No. 718: Westbourne Grove, W11
Westbourne Grove, London, W11. Photo © Roger Dean 2012
Gaslight and Daylight – George Augustus Sala, 1859:
He sells corn and coal on commission now – not at first-hand; but for those who are themselves commission agents. He is a ‘broker’s man in possession,’ when he can get a job. He does a bit of law writing, a bit of penny-a-lining, a bit of process-serving;-an infinity of those small offices known as ‘odd jobs.’ He picks up a sorry crust by these means, and is to be heard of at the bar of the Black Lion. He is sober; but, upon compulsion, I am afraid.

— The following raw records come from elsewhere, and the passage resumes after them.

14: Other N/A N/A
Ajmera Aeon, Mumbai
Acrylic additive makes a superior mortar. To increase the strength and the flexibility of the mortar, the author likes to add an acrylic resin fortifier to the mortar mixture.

If you give him much beer, he weeps, and tells you of his bygone horse and gig; of his box at Shooter’s Hill; of his daughter Emily, who had the best of boarding-school educations (and married Clegg, of the Great Detector Insurance Office), and who won’t speak to her poor old father, now, sir: of his other daughter, Jenny, who is kind to him; although she is mated with a dissolute printer, whose relations are continually buying him new founts of type, which he is as continually mortgaging for spirits and tobacco. Poor old Ghost! Poor old broken-down, spirit-worn hack! When great houses come toppling down, how many slender balustrades and tottering posts are crushed along with the massive pillars!